ABOUT THIS TASK: The reply should contain all the data below, repeated exactly, and none of the images.

INFORMATION SUPPLIED:
>>
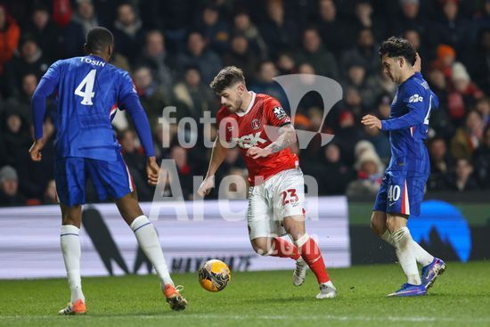 2867186 Charlie Kelman, do Charlton Athletic, sofre pressao de Tosin Adarabioyo e Facundo Buonanotte, ambos do Chelsea, durante a partida da FA Cup entre Charlton Athletic e Chelsea no The Valley, em Londres, Inglaterra (Foto de Alexander Canillas/Sports Press Photo).
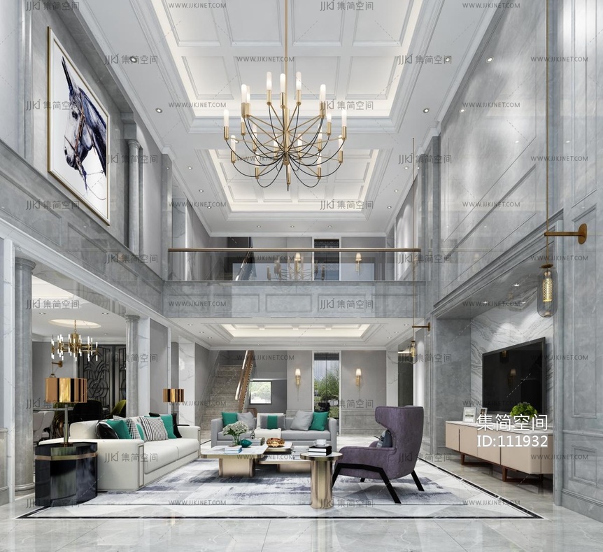 欧式别墅客厅 3d模型下载 [模型ID:111932]
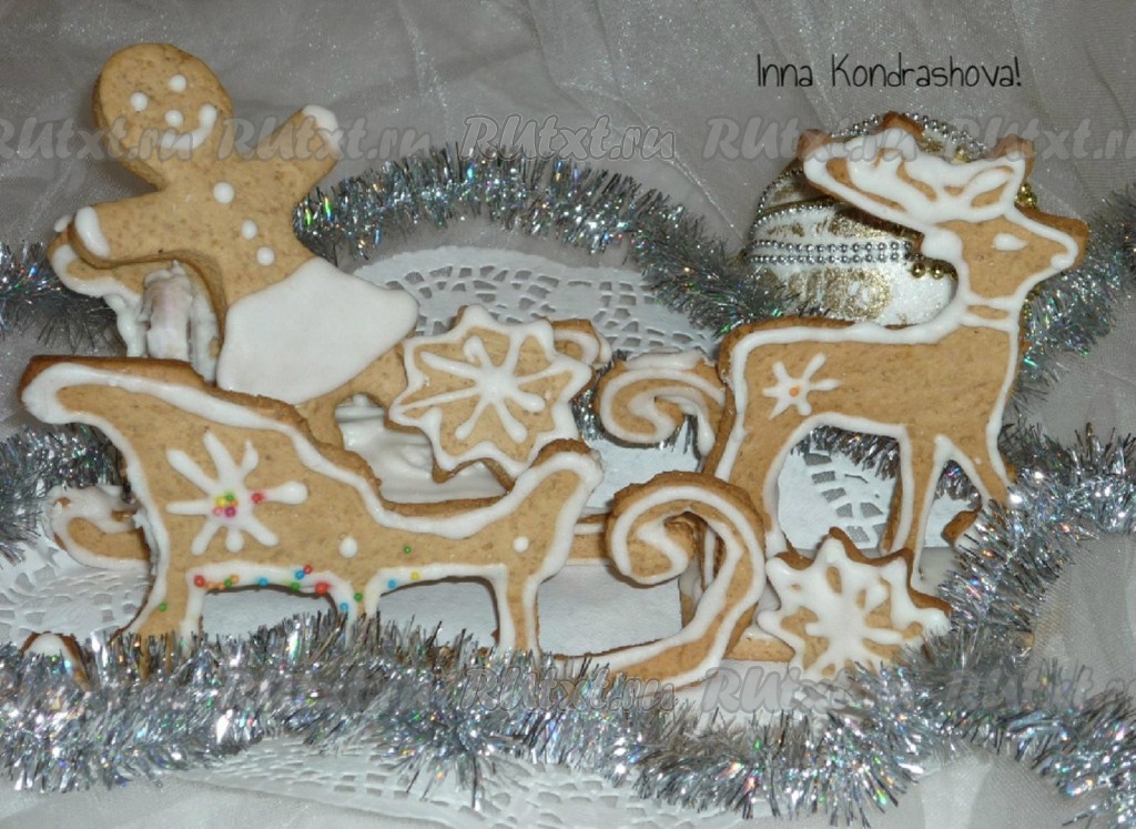 Хочу предложить Вам очень красивую новогоднюю выпечку из имбирного пряничного теста, украшенную белковой глазурью. Такая выпечка отлично подойдёт для новогодних угощений или подарков.
<<
ANSWER SECTION:
 2867186 Charlie Kelman, do Charlton Athletic, sofre pressao de Tosin Adarabioyo e Facundo Buonanotte, ambos do Chelsea, durante a partida da FA Cup entre Charlton Athletic e Chelsea no The Valley, em Londres, Inglaterra (Foto de Alexander Canillas/Sports Press Photo).
 欧式别墅客厅 3d模型下载 [模型ID:111932]
 Хочу предложить Вам очень красивую новогоднюю выпечку из имбирного пряничного теста, украшенную белковой глазурью. Такая выпечка отлично подойдёт для новогодних угощений или подарков.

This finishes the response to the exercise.